As I say I think the prescription charges are foolish and I can say one thing for sure - if we all contributed fairly in all the other taxes, there wouldn't be any need at all for prescription charges.
#32
black gerbil1
yeah litter picking around the streets or cleaning people homes, instead of doing nothing @ home


they do.....its called benefit fraud!:)
banned#33
Thank you for unspamming mods:thumbsup:
banned#34
Can you not get pre paid prescription cards down in England?
banned#35
ChipSticks
Agree, he knew the answer to the question when he asked it, but isn't going to miss out on a chance to start trouble/get people infracted/suspended/banned.

Some people are so very sad. lol :thumbsup:


I don't want anyone to get in trouble. I'm not even sure I'm the one who started talking about benefits in broader terms. If I was, I'm sorry. It's just the way my brain works on these complex issues.

It's an interesting debate though, and any views you have, or Boothy even, would be welcome.

Thanks for your time:thumbsup:
banned#36
Paddy Charlie
Can you not get pre paid prescription cards down in England?

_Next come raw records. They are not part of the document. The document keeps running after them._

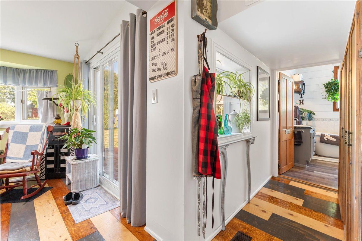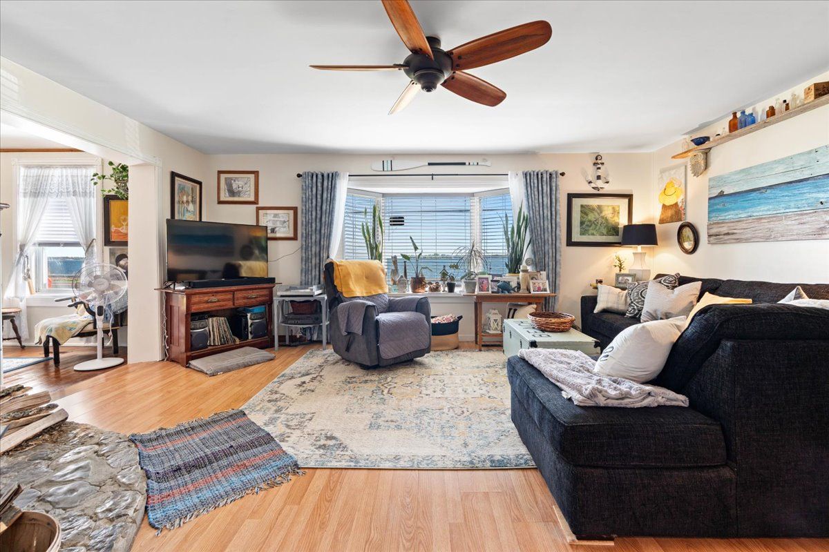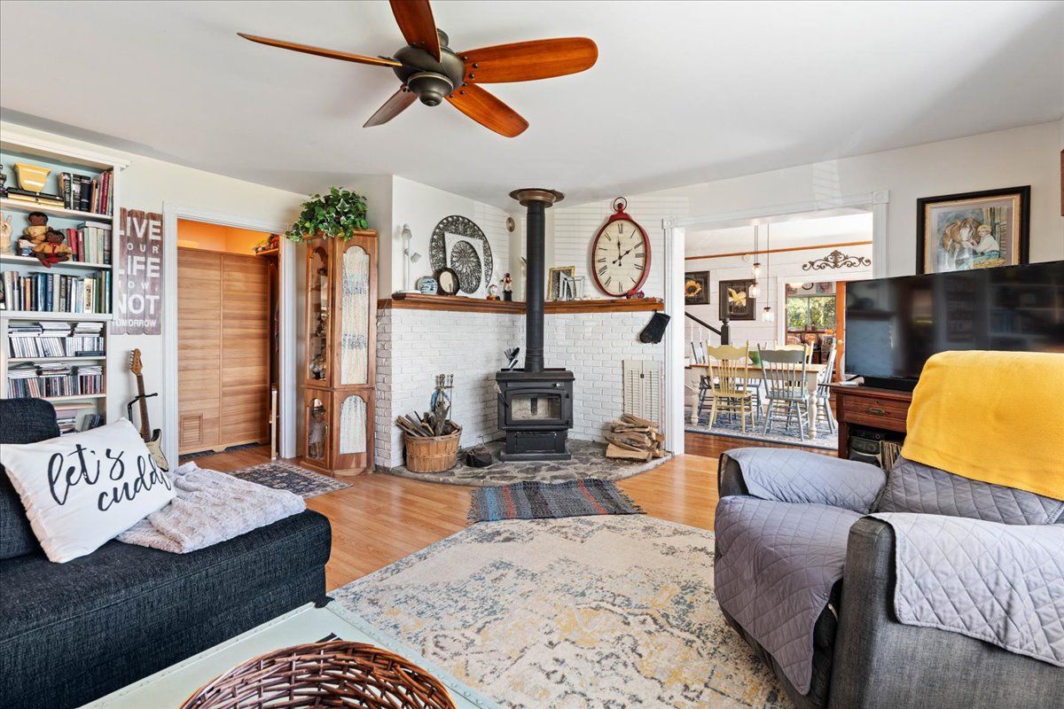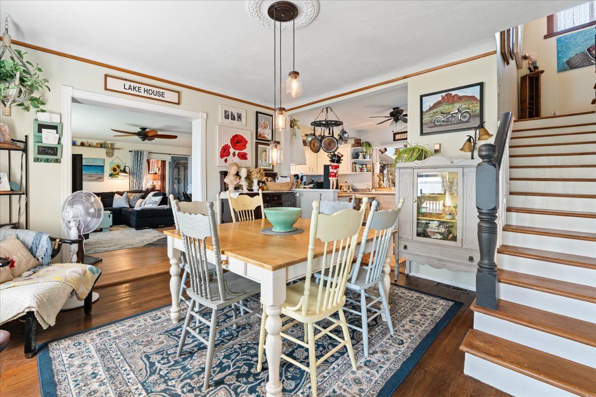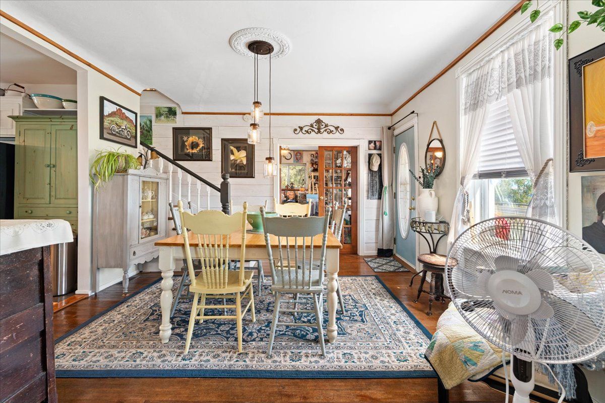 • Spacious, character-filled living space with warm wooden floors.
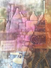 Continuing my pottery series, this time I chose to depict the surrounding areas and the sights that were once there and now only remain in hints. The canals would have brought clay to the factory and were used to ship the finished ware, and the machinery depicted was used to hoist the cargo on and off the barges. The skyline was once dominated by chimneys, including the iconic bottle ovens (which are in fact specialised chimneys), and of course the attendant smoke. Nowadays the potteries and bottle ovens are gone. Middleport pottery is still has one bottle oven and the hoisting machinery still remains, although now rusting and disused.
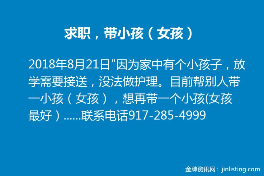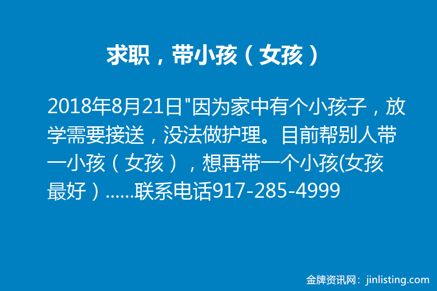 “因为家中有个小孩子,放学需要接送,没法做护理。目前帮别人带一小孩(女孩),想再带一个小孩(女孩最好),早上过来,下午回家的那种,价格可以面谈。

I don't think so - I just looked at the back of the prescription and because I didn't fit any of the exemption criteria, I just paid £7.20.

Think I got some clubcard points because I got them at Tesco though, so not all bad:thumbsup:
#37
Paddy Charlie
Can you not get pre paid prescription cards down in England?


Yes you can...12-month prepayment certificate (PPC): £104.00 or
3-month PPC: £28.25 :thumbsup:

http://www.dh.gov.uk/en/Healthcare/Medicinespharmacyandindustry/Prescriptions/NHScosts/index.htm
#38
The only benefit for being diabetic is that I get a free prescription and I'm in my twenties and have a job.
banned#39
cuzzy
Yes you can...12-month prepayment certificate (PPC): £104.00 or
3-month PPC: £28.25 :thumbsup:

http://www.dh.gov.uk/en/Healthcare/Medicinespharmacyandindustry/Prescriptions/NHScosts/index.htm


But if I were to get 3 months supply for £7.20, then that certificate is still overpriced. I suppose it works out if you have more prescriptions, but one would've thought if you need that many then chances are you're either on disability allowance or rather old so you'd get them free anyway.

Seems a bit of a sneaky way to price it.
#40
Couldn't you get the names of your meds then buy them cheaper elsewhere?